A resident with a history of Parkinsonism, cerebrovascular accident (CVA) resulting in left-sided hemiparesis, and a stage 4 sacral pressure ulcer required assistance for bed mobility. During morning care, a registered nurse (RN) was providing wound and incontinence care when the resident, who was positioned on the left side, rolled out of bed after the RN turned away to retrieve a brief. The resident struck their head on the wall and then the metal bed frame, resulting in an orbital floor blowout fracture with herniated extraconal fat. The care plan indicated the resident required assistance from two staff for bed mobility, but only one staff member was present at the time of the incident. There was confusion among staff regarding the care plan, with some believing the two-person assistance requirement was implemented only after the fall, despite documentation indicating it was in place prior to the incident. Following the fall, the facility did not ensure thorough post-fall monitoring or neurological checks as required by policy. The monitoring order was not consistent with the 72-hour minimum, and neurological checks were incomplete or missing for several shifts. The resident exhibited symptoms consistent with a concussion, including intermittent confusion, vomiting, and swallowing difficulties, as documented by hospice staff and family. Despite these changes in condition, there was no evidence that a physician was notified or that the care plan was updated to reflect the resident's deteriorating status. Interviews with staff and review of records revealed that the RN did not position the resident's flaccid side appropriately, contributing to the fall. The facility's investigation also found that staff were not fully aware of or did not follow the care plan interventions for bed mobility. Additionally, there was a lack of communication and documentation regarding the resident's post-fall symptoms and changes in condition, including episodes of vomiting and increased confusion. The medical examiner determined the resident's death was accidental, caused by a concussion in the setting of Parkinsonism, with the orbital fracture and CVA history as significant contributing conditions.

Removal Plan

  • Reviewed, screened, and updated care plans for residents with diagnoses of hemiparesis and falls related to bed mobility.

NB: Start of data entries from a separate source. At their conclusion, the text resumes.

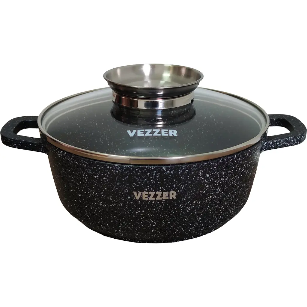 Каструля Vezzer - це надійний кухонний посуд, виготовлений із високоякісного литого алюмінію з антипригарним мармуровим покриттям, що забезпечує довговічність і комфорт у використанні.
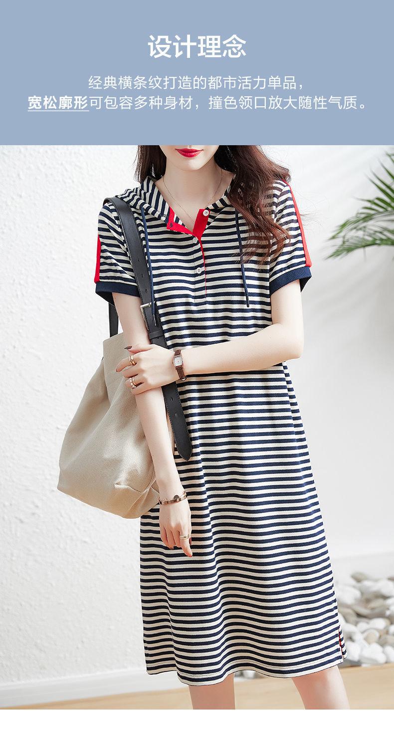 Vestido feminino de manga curta para o verão 2023 Vestido feminino elegante moda listrado com capuz solto de comprimento médio
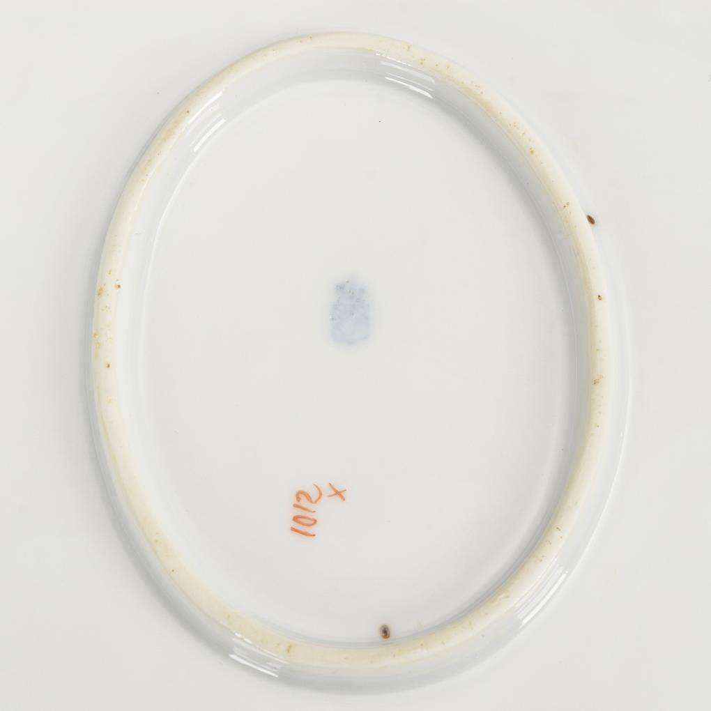 Platte mit zwei Rocaillehandhaben, im Spiegel ein Blumenbukett. Minimaler Goldabrieb.
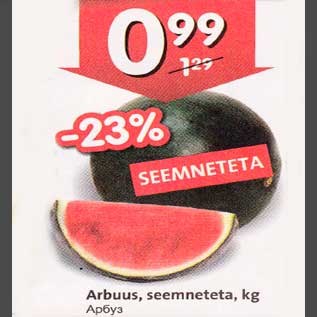 Период кампании: 13.06.2012 - 19.06.2012 Цена: 0.99€ АрбузArbuus, seemneteta, kg
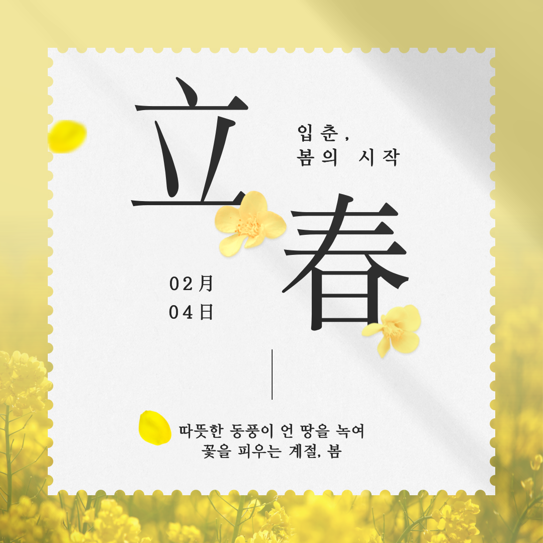 - 입춘(立春): 봄이 시작됨을 뜻하며, 24절기 중 첫 번째 절기입니다. 이는 겨울이 지나고 새롭게 시작되는 계절의 출발을 상징합니다.
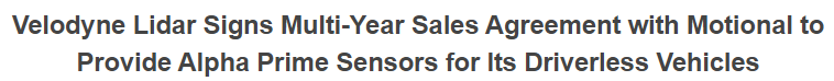 알파 프라임(Alpha Prime) 센서를 자율주행 연구회사인 "모셔널(Motional)과 판매계약을 체결하였다는
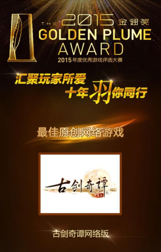 “金翎奖”2015年度优秀游戏评选盛典已落下帷幕,在大家的支持与票选下,由网元圣唐旗下烛龙研发、网元圣唐与欢聚游戏联合运营的《古剑奇谭网络版》荣获2015年金翎奖“最佳原创网络游戏”奖项!
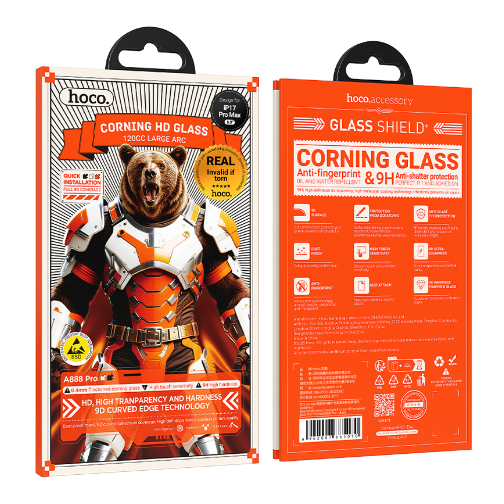 Tempered Glass Hoco Bear Shield A888 Pro Corning Glass Anti Fingerprint για Apple iPhone 17 Pro Max
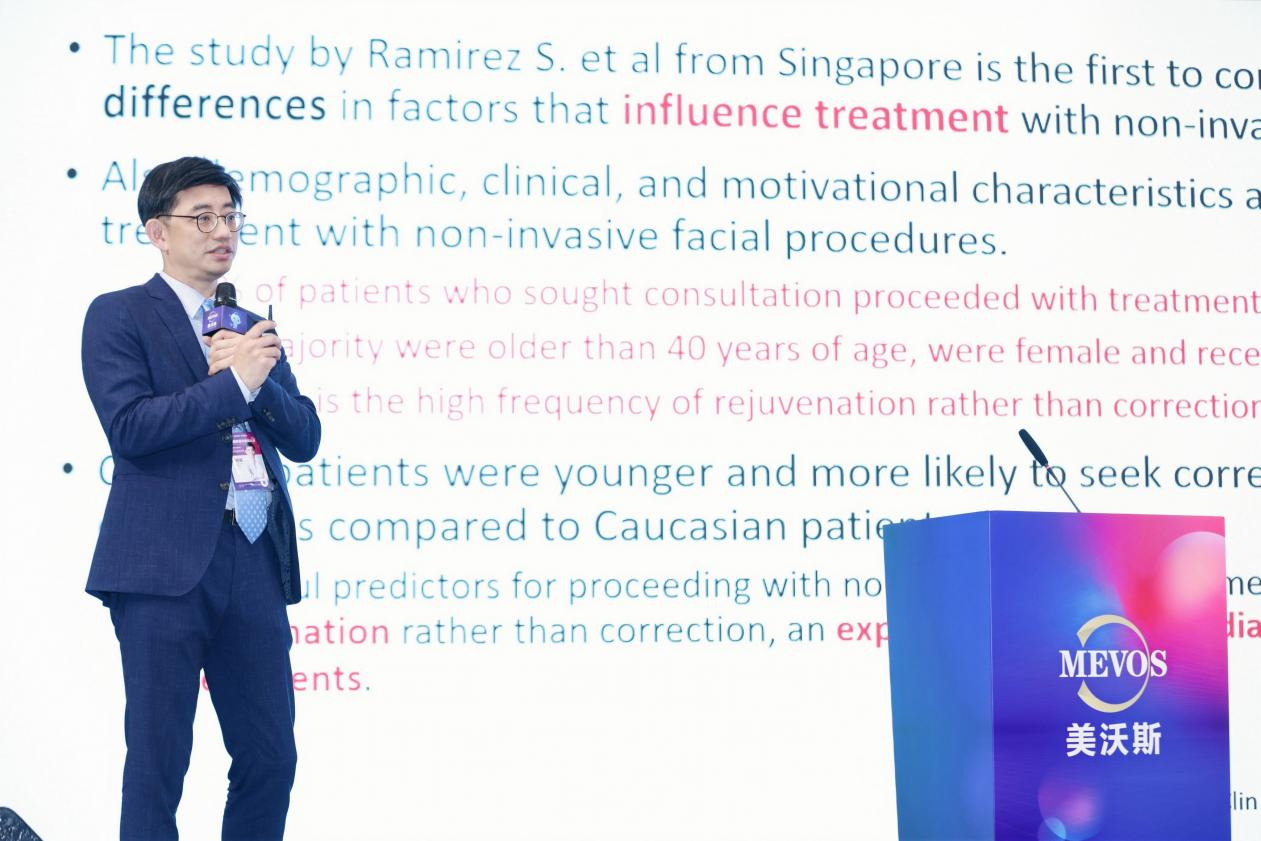 5月5日,美沃斯國際醫(yī)學(xué)美容大會特邀嘉賓——黃柏翰皮膚??泼廊葆t(yī)學(xué)診所黃柏翰醫(yī)師在分享全面部輪廓注射經(jīng)驗時提到,注射填充物能實現(xiàn)明顯面部改善效果,其中膠原蛋白填充劑因其不透明性,能夠有效降低丁達爾風(fēng)險,因而成為醫(yī)師首選填充物之一。黃醫(yī)師在演講中特別指出,東方人面部輪廓偏寬,醫(yī)師在進行臨床診療時,應(yīng)根據(jù)東方人面部老化特點以及求美者需求進行產(chǎn)品選擇和方案設(shè)計,盡量使臨床方案實現(xiàn)個性化、高效化。黃醫(yī)師表示,注射填充劑的量沒有公式可言,醫(yī)師要成為一名雕塑家,用雙手打造求美者未來的美麗!
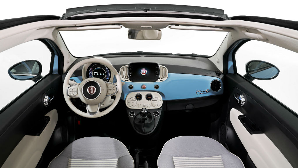 Στο εσωτερικό δεσπόζει η οθόνη αφής μεγέθους 7”, με το σύστημα ψυχαγωγίας Uconnect, το τριάκτινο τιμόνι και τα καθίσματα με τη μαλακή επένδυση από ελεφαντόδοντο. Ο χρωματισμός και εδώ είναι όπως το εξωτερικό διατηρώντας την αρμονία και εσωτερικά. Στον εξοπλισμό περιλαμβάνονται αισθητήρες βροχής και φώτων, αυτόματο σύστημα κλιματισμού και πίσω αισθητήρες στάθμευσης.
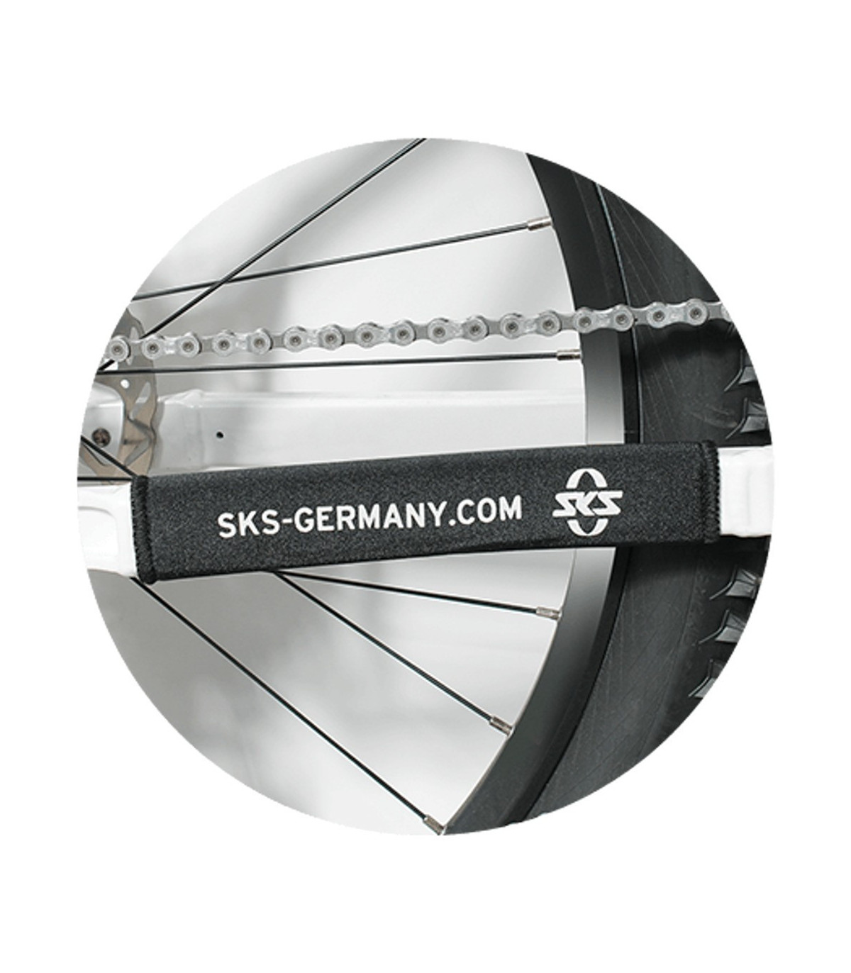 Osłona łańcucha marki SKS zabezpieczająca przed zadrapaniami i różnymi uszkodzeniami. Osłona została wykonana z grubego, elastycznego neoprenu i jest bardzo łatwo mocowana za pomocą długiego zapięcia na rzep.
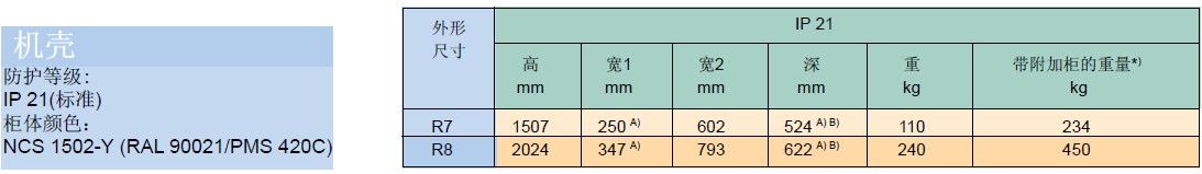 功率等級和外形尺寸

  • Met with Hospice staff to ensure effective communication regarding changes in condition. Updates should be given to the DON or designee before Hospice staff leave the building.
  • Educated facility and agency staff on bed mobility, post-fall assessments, and changes in condition.
  • Initiated bed mobility and change in condition competencies to ensure staff follow proper techniques and protocols. Ad hoc education to be provided immediately when indicated.